The first thing to notice is the layout. All assembler languages tend to be like this. The doing bits of the instructions (store, add, etc) - the actual instruction, is in the "second column". Technically it is proceeded by white space - either tabs or space characters. This way the assembler knows they are instructions.
So what is the word "do_add:" up against the left hand edge of the page? A Label. Labels mark a position in the code and are also used when we need to define things, such as data. Notice the label has a colon : after it. When you are referencing these labels in the code, you don't actually use the colon - for example in the line "stw r5,sum". In this case, the label "do_add:" is used as an identifier, or name, for this piece of code. Labels are used instead of real memory addresses because we don't care what address is assigned to the label, that's the assembler's worry. If the assembler knows the address of the label, then we can use the labels in our program and let Fantasm worry about tying up all the addresses. If we want to run a routine called fred, then we can just branch to fred. The assembler will work out what fred's address is and do the right thing.
The colon after the label is not essential when you are defining a label in the first column,but it helps in two ways. Firstly it clearly identifies this thing as a label to the assembler, the editor AND us humans. Secondly, it can be helpful when you are editing the program, and need to find a specific label. If you search for just "sum" you will find all the places that access sum - but if you search for "sum:" you will go to the place where the label "sum" is defined. (note, that Anvil does not need colons at the end of labels to be able to hyperjump to them).
Labels are always placed right up against the left hand edge of the window; there must be no white space in front of them.. The label is followed by some "white space", normally a tab character - the tab key on your keyboard, although a normal space, or run of spaces is fine.
Not all lines need a label, just those lines of your program that you want to branch to, or lines that define data that you want to reference by name.
Following the optional label comes the instruction. This tells the processor what it's going to be doing.
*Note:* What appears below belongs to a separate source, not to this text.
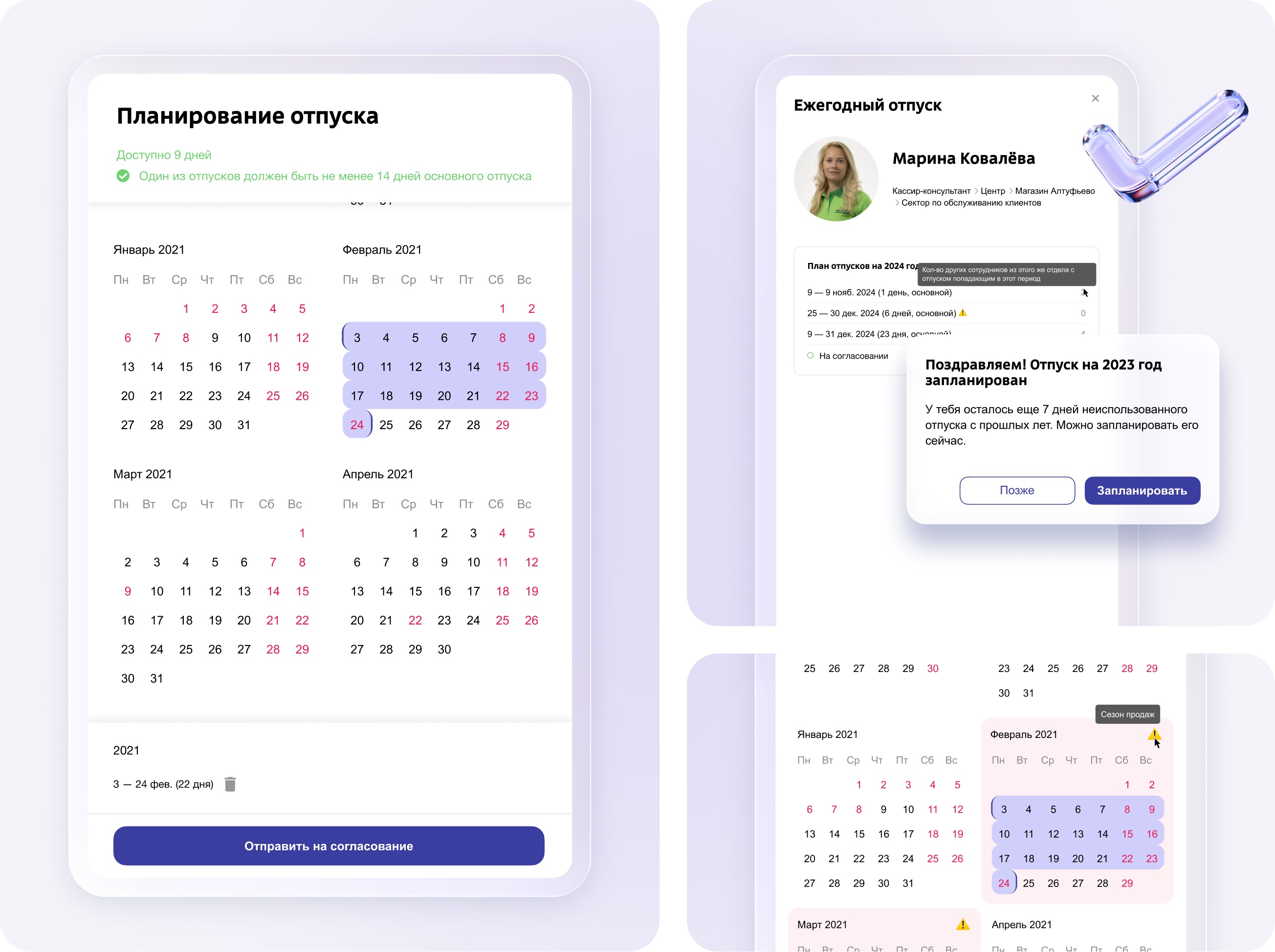 В компании работают сотрудники разного возраста и уровня владения компьютером. Сервис должен быть одинаково понятен всем. При этом, помимо требований законодательства, действуют внутренние регламенты: дополнительные дни отдыха, ограничения и корпоративные условия. Важно, чтобы правила были прозрачны, а система помогала им следовать и исключала ошибки.

The instruction is followed by some more white space before the "operands". These are the things the instruction manipulate. PowerPC instructions sometimes have three operands or more, and sometimes none at all - it depends on the instruction. If there are operands, then the first is either the source or destination of the result of the operation. The other two provide the data to be worked on - for example add r3,r4,r5; in this case, r5 is added to r4 and the result is placed in r3.
Any ideas about what this program does? It adds 20 and 10 and puts the result in sum. Here's the breakdown.
Line 1 - do_add: li r3,10
The 'Add' is a 'label'. Labels are used to reference lines of a program so we can change the program flow, by 'branching' to labels. Think of it as a name for this part of the program.
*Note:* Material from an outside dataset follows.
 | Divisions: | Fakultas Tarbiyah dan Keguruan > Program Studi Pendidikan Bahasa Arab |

li means load immediate. In this case it means move the word '10' (remember that a word is 32 bits) into the processor register 3.
Line 2 - li r4,20
This line has no label, and therefore can't be branched to.
The instruction moves another number,in this case 20, into the processor register 4.
Line 3 - add r5,r4,r3
This line instructs the processor to add the two numbers together and place the result in register number 5.
Line 4 - stw r5,sum(rtoc)
This instruction moves the result of the addition into memory. Where in memory? At "sum".
Line 5 - blr
This instruction returns from this part of the program. if you like it means that's the end of this piece of code so go back to whatever piece of code called this piece of code. "blr" is a mnemonic for branch to link register. Generally, whenever we jump to a new piece of code, the address of the calling code is stored in the link register so the code can return when finished.
Line 6 - sum: ds.w 1
This line is used to define the location of 'sum' in memory. Its not an instruction to the processor, as the processor has finished with this code in line 5. This line is used by Fantasm to set up 'sum' in memory ready for the program when it is run. The 'sum' tells Fantasm that this is the name we want to use. Again it is a label.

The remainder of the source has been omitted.